Data is rapidly becoming the backbone of decision-making across various industries, the field of data analytics has piqued my interest and become a passion of mine, especially when it comes to public education. This collection of works represents the end of my academic journey in the Master of Science in Data Analytics program at UHD. Throughout this program, I have engaged in many different projects and collaborated with many different people. This program has assisted in honing my skills in data collection, analysis, visualization, and interpretation, which has allowed me to address complex problems with data-driven solutions.
This compilation showcases a variety of projects that span different domains, methodologies, and analytical techniques. Each project was designed to tackle real-world challenges, providing insights that can influence strategic decision-making in fields such as education, healthcare, finance, and more. This work reflects not only my technical proficiency but also my ability to apply analytical thinking to derive meaningful insights from raw data.
In these projects, I employed a range of tools and technologies, from traditional statistical methods to cutting-edge machine learning algorithms. This collection illustrates my journey from understanding fundamental concepts to mastering advanced analytics techniques. As you explore my works, you will encounter a blend of rigorous analysis, innovative problem-solving, and thoughtful application of data science principles. It is my hope that these works not only reflect my achievements as a student but also my readiness to contribute meaningfully to the field of data analytics in my future endeavors.

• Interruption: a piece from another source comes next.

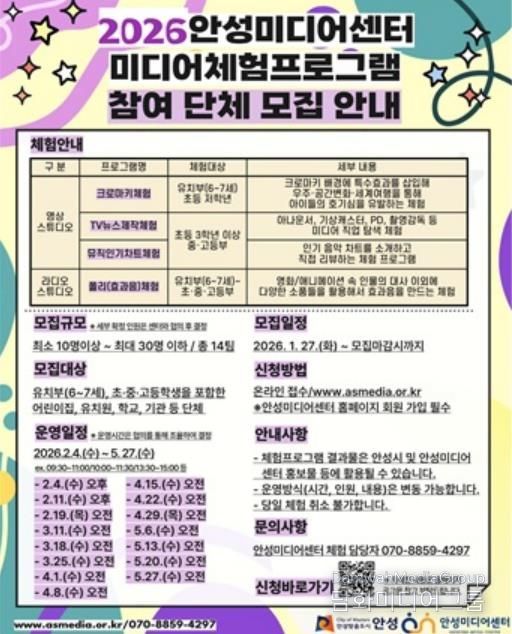 시민행정신문 강갑수 기자 | 안성미디어센터는 지역 어린이와 청소년이 미디어를 쉽고 재미있게 접할 수 있도록 ‘2026년 미디어체험프로그램’에 참여할 관내 어린이집, 유치원, 학교 등 단체를 모집한다고 밝혔다.
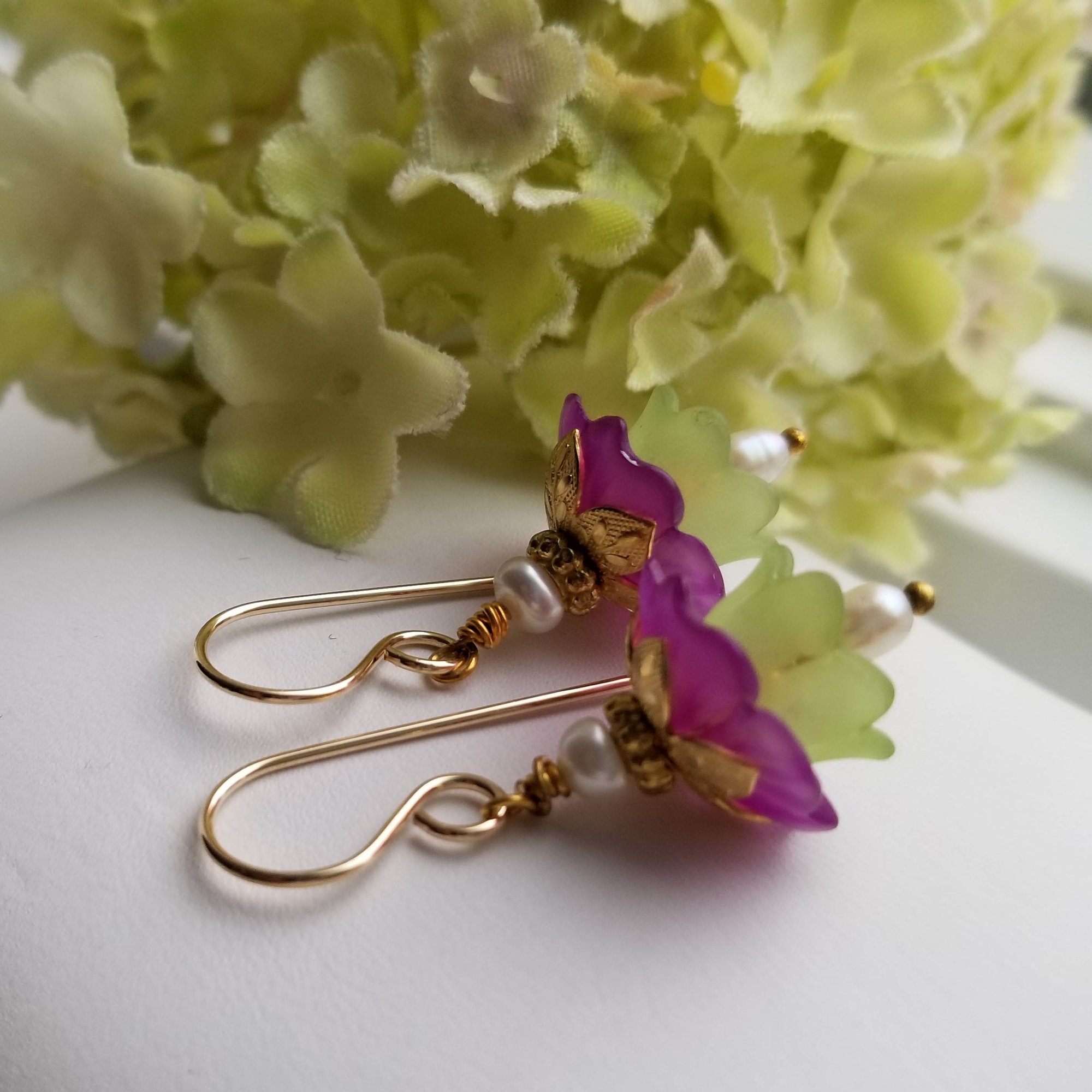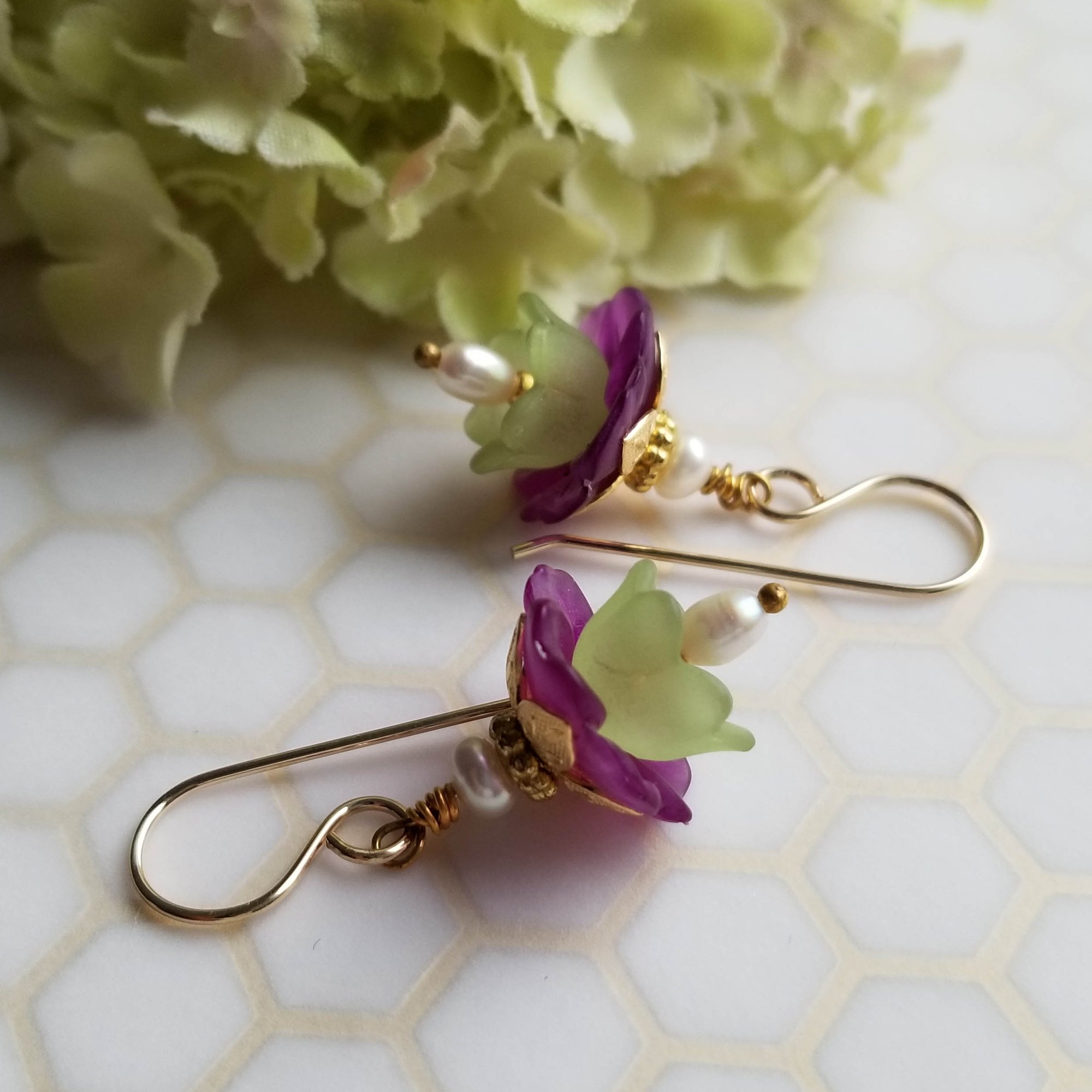 Romantic. Lovely. Sweet. Vintage lucite in violet and green shelter a tiny teardrop freshwater pearl inside. Topped with shiny brass caps and tiny freshwater pearl rondelles. Hanging from gold filled ear wires.

I began the Masters of Science in Data Analytics program in spring of 2023. My first semester was Statistical Foundations for Data Analytics (STAT 5301) and Programming Foundations for Data Analytics (CS 5301). Both classes did not require a project so my collection of works began summer of 2023 and continued on until summer of 2024.
Class: Multivariate Analysis and Nonparametric
Statistics (STAT 5311)
Professor: Dr. Kendra Mhoon
Team Members: Vanessa De La Cruz, Juan Robledo,
Fernanda Lehaci, Greg Ige, Dalya Ali
Task: Analyze body fat data and create a prediction
model
Data: Body fat of 252 men
Coding Language: JMP SAS
Models: Multiple Regression, Logistic Regression, and
Discriminant Analysis
Class: Applied Regression Analysis (STAT 5310)
Professor: Dr. Dexter Cahoy
Team Members: Vanessa De La Cruz, Jane Okon-Jeffrey,
Jessica Zapata, Dalya Ali
Task: In-depth regression analysis/modeling with an
adequate model fit
Data: Red and white wine quality
Coding Language: R Markdown, PDF or MS Word
Models: Regression Models
Class: Data Mining (CS 5310)
Professor: Dr. Pablo Rondon
Team Members: Amee Stevenson, Jeffrey Moreland, Dalya
Ali
Task: Lithofacies classification using well logs:
AutoGluon & Xgbtune
Data: Data of two wells drilled in a complex geological
setting
Coding Language: Python (Jupyter Notebook)
Models: Auto machine learning algorithms (AutoGluon
& Xgbtune)
Class: Information Visualization (CS 6301)
Professor: Dr. Ting Zhang
Team Members: Ryan Kelly, Dalya Ali
Task: PowerPoint Presentation using Tableau
Data: Student Performance in exams
Coding Language: Tableau
Models: At least 6 different visualization elements in
Tableau
Class: Project Management (TCOM 5340)
Professor: Dr. Joseph Sample
Team Members: Rene Cantu, Faisal Asif, Mohammed Khan,
Yasmin Noor, Dalya Ali
Task: PowerPoint Presentation on fulfilling a client
need
Data: Student Performance in STAAR Interim at
Willowridge High School
Coding Language: Python (Jupyter Notebook)
Models: Pandas dataframe
Class: Database Management Systems (CS 5318)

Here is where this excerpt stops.